Him: I can see you getting restless… I guess you want to get back home

Me: Yes… I have to call HD also… I will let you finish this drink… but I need to leave after that

I expected him to apologize the next day but it was like the conversation never happened. Thankfully, I have been shifted to another channel now where I will interact more with the other ASM who is happily married.

I never came across such stuff in the previous organization ‘coz I had friends like AB and DK to protect me. At parties, I stuck to them to avoid weridos. If they were not around I avoided the parties.

Anyways.. enough about work. HD is not home this weekend… next weekend is my last with him before he moves to Hubli.
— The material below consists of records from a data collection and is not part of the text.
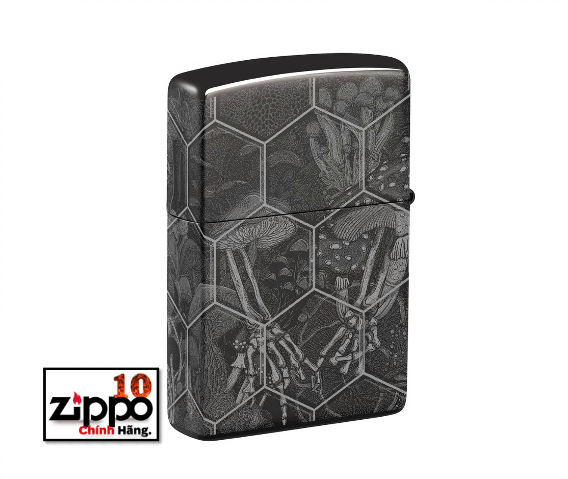Được đóng khung theo họa tiết tổ ong phức tạp, nấm mọc ra từ những hộp sọ đang phân hủy trên mọi bề mặt của chiếc bật lửa High Polish Black cổ điển này với
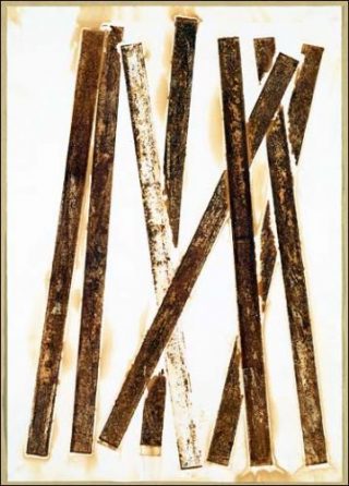 Dans cette exposition consacrée à son Å“uvre, il est particulièrement intéressant de découvrir les matériaux très usuels que l’artiste utilise: bois, branches, cordages, tôles, tuyaux, puis briques, parpaings, madriers pris dans des assemblages de maçonnerie, de plâtre, de mortier ou de ciment. Tous ces matériaux sont utilisés de manière très traditionnelle, mais seulement hors situation et pour en faire tout-à -fait autre chose. En cela, on retrouve une fois de plus ce décalage qui fait passer de l’instrumental à l’art.
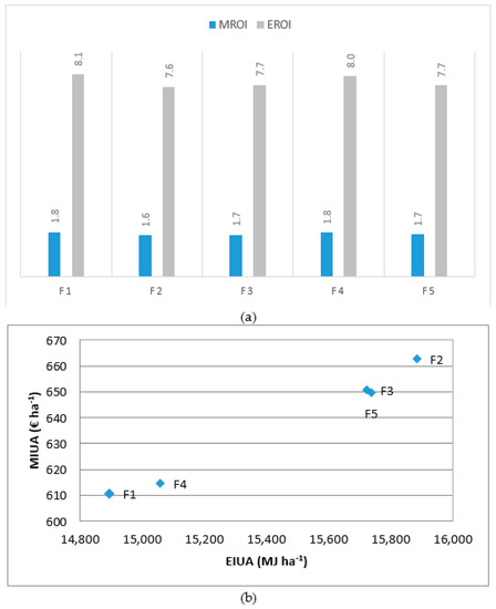The EROI and monetary return on investment (MROI) indexes (a); and the Energy input per unit area (EIUA) and monetary input per unit area (MIUA) (b) for each corn silo fields (F stands for “field”).
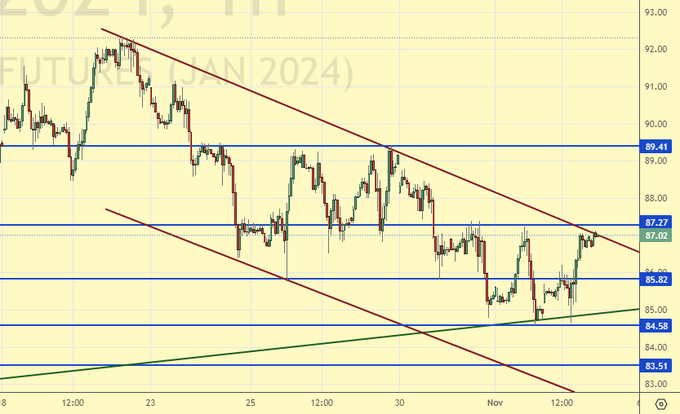 Покупка: нет. Кто в позиции от 85.43, перенесите стоп на 85.10. Цель: 95.00.
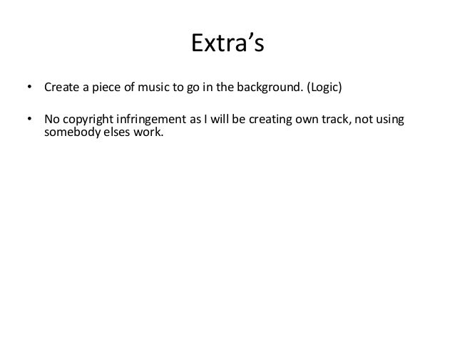 4. 4. Extra’s • Create a piece of music to go in the background. (Logic) • No copyright infringement as I will be creating own track, not using somebody elses work.
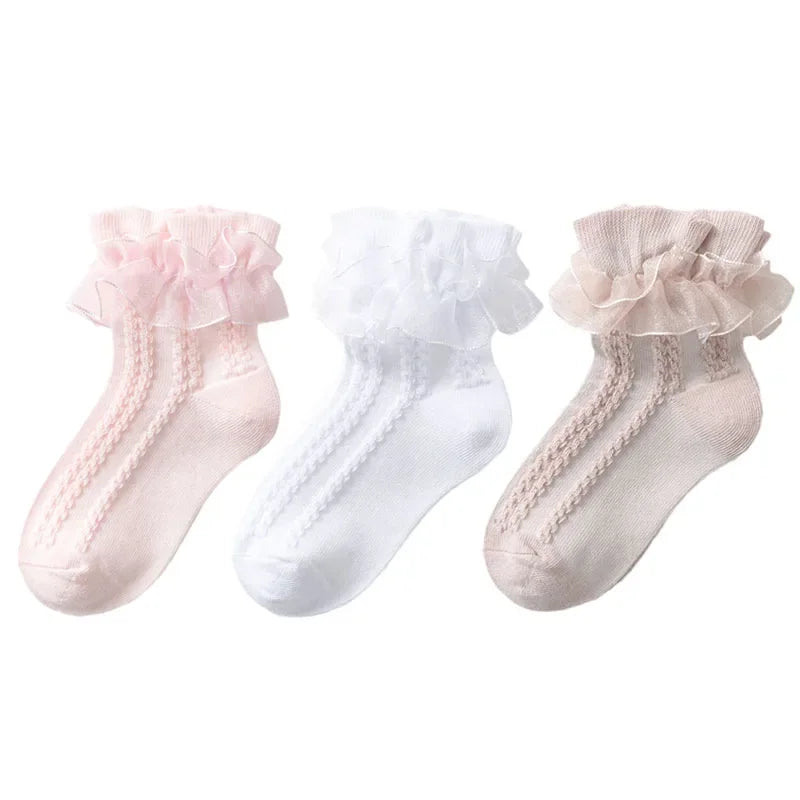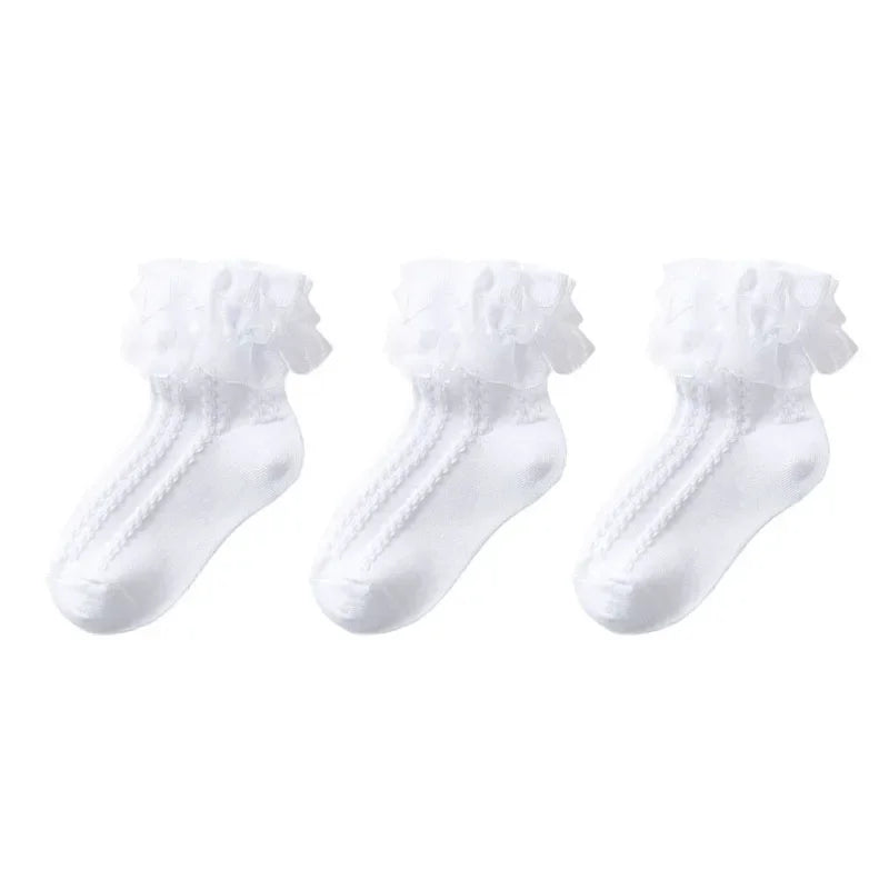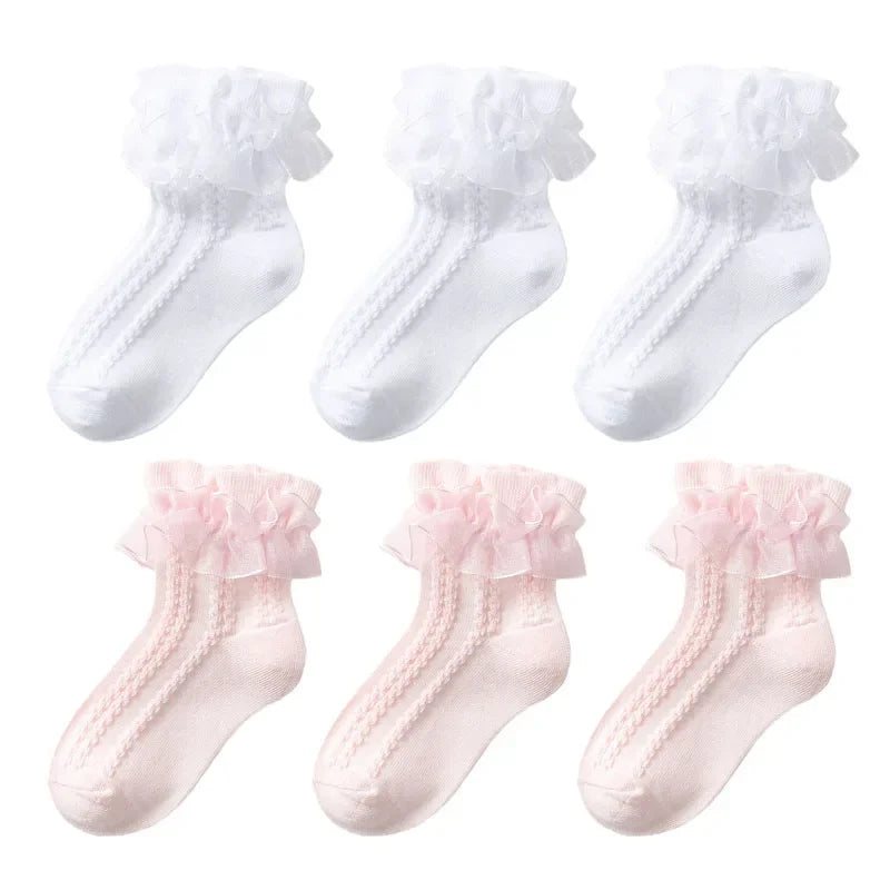 3/6 Pairs Girls Lace Ruffle Socks Cotton Breathable Comfy Adorable Princess-Style Kids Dance-Ready Socks with Frilly Trim
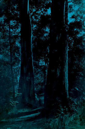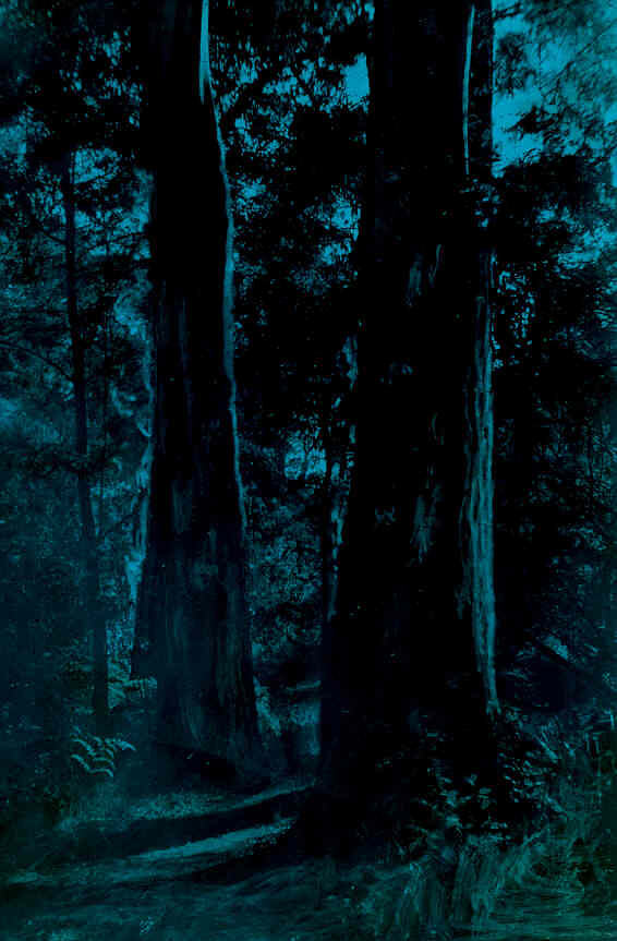 Hand coloured image of a path leading through the bush in the Badger Creek, Victoria area, photographed by A.J. Campbell.
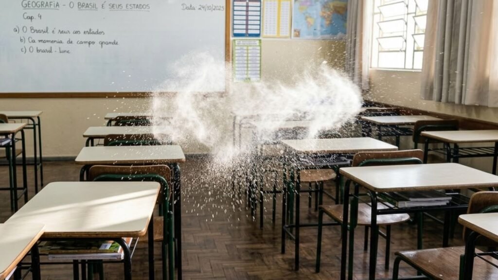 Em decorrência da reação do gás, alguns alunos apresentaram mal-estar e todos foram retirados da sala e encaminhados para o pátio – para ventilação e acompanhamento. Inclusive, um aluno sofreu reação alérgica.
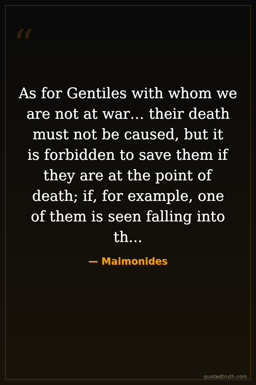 As for Gentiles with whom we are not at war… their death must not be caused, but it is forbidden to save them if they are at the point of death; if, for example, one of them is seen falling into the sea, he should not be rescued, for it is written: 'neither shalt thou stand against the blood of thy fellow'–but [a Gentile] is not thy fellow.
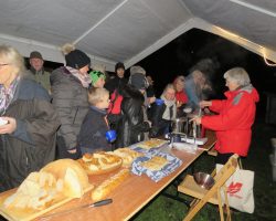 Faklerne blev tændt ved Brugsen og snart derefter gik turen ned af Bisserup Havnevej med hyggelig snak undervejs. Poselanterne lyste vej hen til teltet, hor suppemagerne stod parat med 4 slags dejlige supper og lækkert hjemmebagt brød. GLÆDELIG jUL OG GODT NYTÅR TIL ALLE
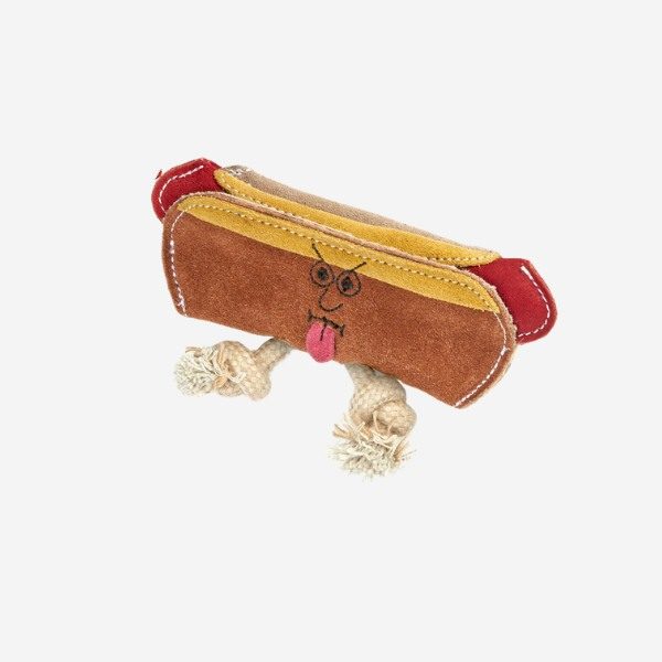 Harry The Hotdog // Hundelegetøj i ruskind med fyld af jute (hotdog)
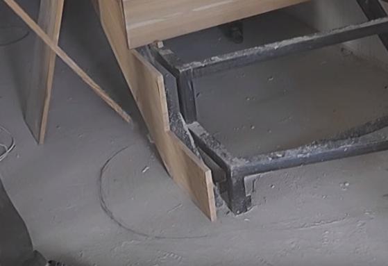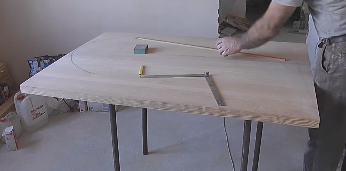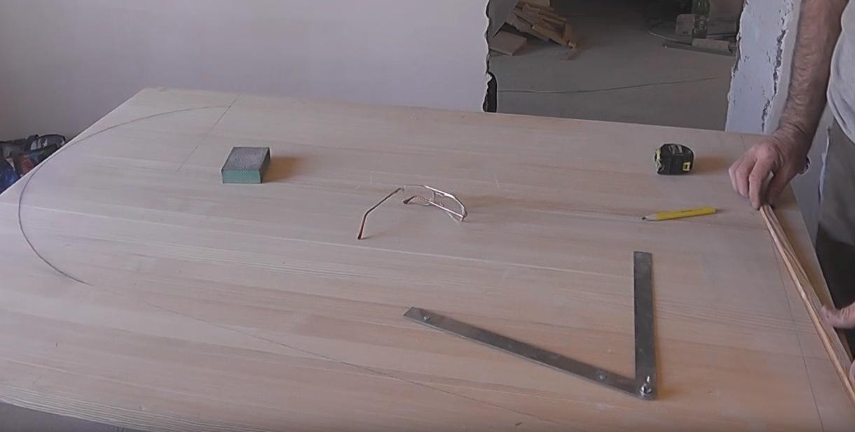 Приступаем к изготовлению первых забежных ступеней. Профиль первой пригласительной ступени рисуем прямо на полу.
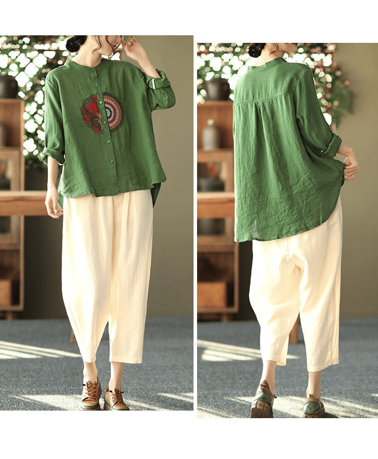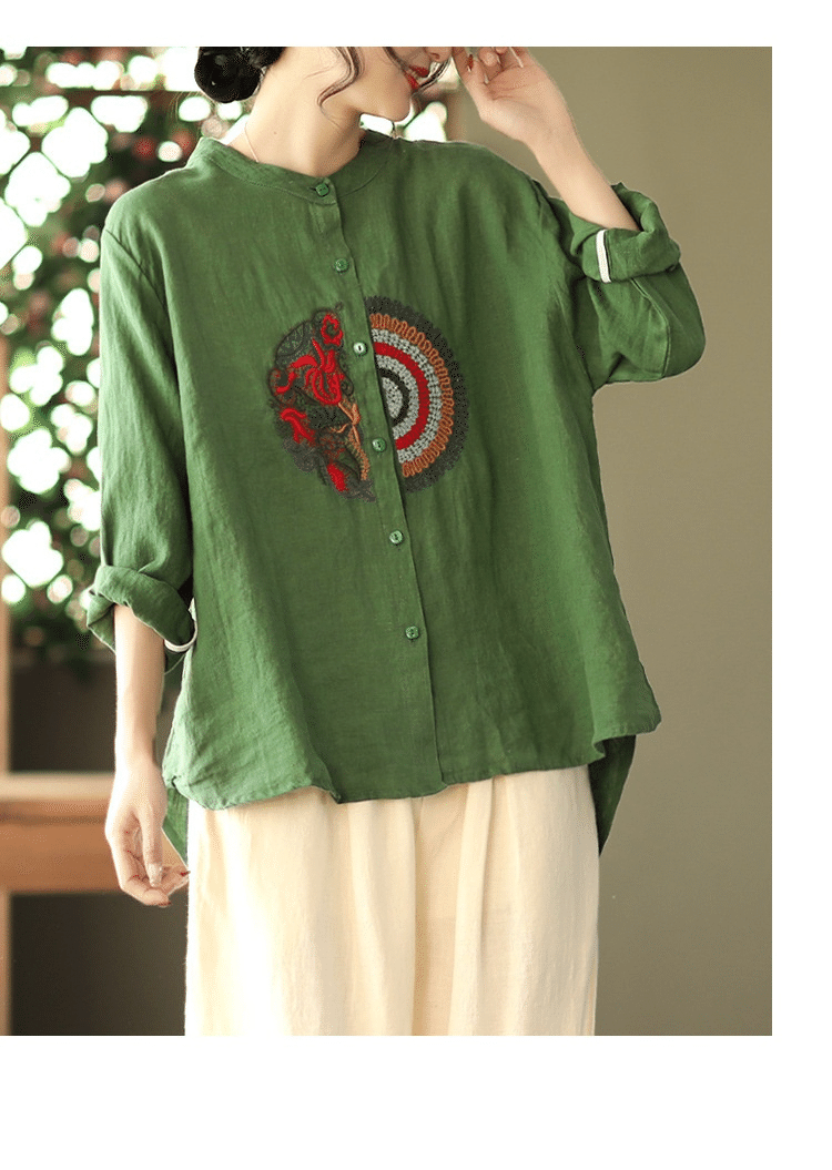 半小時前新中式國風刺繡棉麻襯衫 綠色+白色
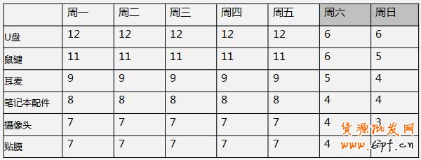 例如:按天均分產(chǎn)品:324/6=54(注:周末兩天均分),如圖
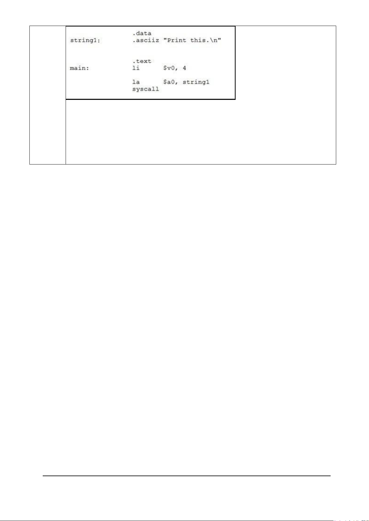 Tạo một chuỗi tên string1 với khởi tạo “Print this.\n”. Gán giá trị thanh ghi $v0 = 4 (thực
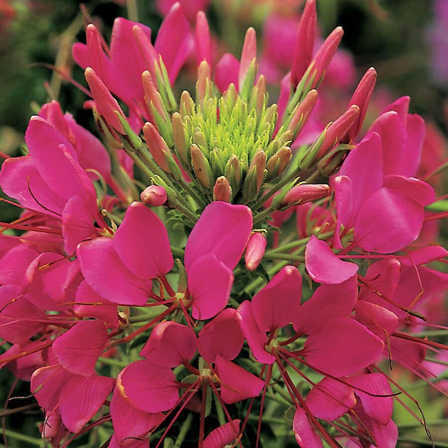 This Sparkler Rose Spider Flower plant begins flowering in early summer (as soon as the hot weather arrives) and doesn't quit until the temperature drops in fall. A sun-lover, Sparkler Rose Spider Flower is at home in the baking-hot border, bed, or patio, and once established is quite tolerant of dry conditions. (Water it well during growth, though, to get it off to a good start.) Sparkler Rose Spider Flower rapidly reaches 3 to 4 feet tall and about a foot wide, with a bushy fullness that adds weight to its presence as an accent, low hedge, poolside planting, or mid-border standout.
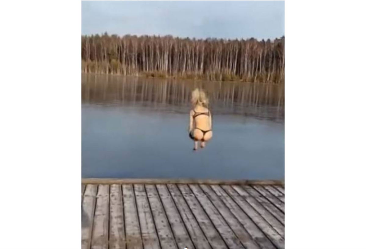 Esta situación climática en los últimos días le pasó cuenta de cobro a una joven mujer que quiso lanzarse de ‘bomba’ a un lago, sin lograr percatarse que éste permanecía congelado.
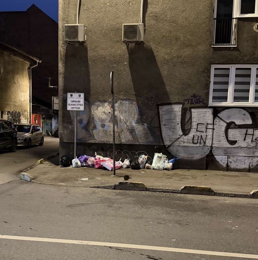 Pored jasno istaknutog znaka na kojem piše „Zabranjeno odlaganje otpada van posuda“, razbacano smeće svjedoči o zabrinjavajućem nivou nekulture i neodgovornosti dijela građana Sarajeva.

Sometimes I am happy… when I can connect the IPod to the new speakers and listen to loud music… when I can blog and chat with friends… when HD and I discuss the upcoming weekend… when I get the profile in the new company that I have wanted in my old company for a year… when I cook

Sometimes I am sad… when I think of the long distance relationship… when Rakhshabandhan passes away without a care… when I am driving back alone to an empty house… when I cannot blog… when I have to watch a movie alone

At other times… I can feel the loneliness catching up… My life has been so hectic with all the travelling that I have not made any friends ot even met acquantainces in Mumbai… I hope I don’t end up crying and drinking every night… But maybe that won’t happen…. I will take up a hobby or something… I need to check out the 2 gyms in the neighbourhood and decide on one. Jazz is another option… I don’t like giving up… I can swim and drive… jazz needs to be taken up again soon.

Thought for the day… human beings will adjust to anything… things might hurt in the beginning… for a few weeks or months or years but we always get used to it.